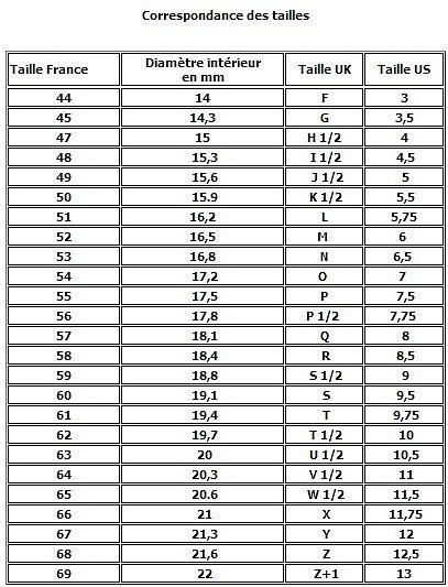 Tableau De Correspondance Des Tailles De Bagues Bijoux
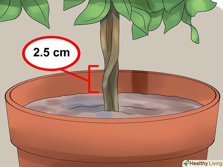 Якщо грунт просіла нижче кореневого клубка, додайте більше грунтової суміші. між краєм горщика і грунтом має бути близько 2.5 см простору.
• • • • •
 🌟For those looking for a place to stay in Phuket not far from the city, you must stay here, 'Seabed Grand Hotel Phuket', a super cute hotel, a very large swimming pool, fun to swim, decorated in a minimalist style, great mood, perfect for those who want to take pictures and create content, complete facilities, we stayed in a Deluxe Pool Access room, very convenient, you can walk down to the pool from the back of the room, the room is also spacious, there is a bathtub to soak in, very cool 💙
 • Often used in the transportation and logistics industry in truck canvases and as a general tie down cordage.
• • • • •
Copy only this from above: the line containing "Tableau De Correspondance", the line containing "Якщо грунт просіла", and all lines between, printed exactly. Leave out the pictures.

## The completed task
 Tableau De Correspondance Des Tailles De Bagues Bijoux
 Якщо грунт просіла нижче кореневого клубка, додайте більше грунтової суміші. між краєм горщика і грунтом має бути близько 2.5 см простору.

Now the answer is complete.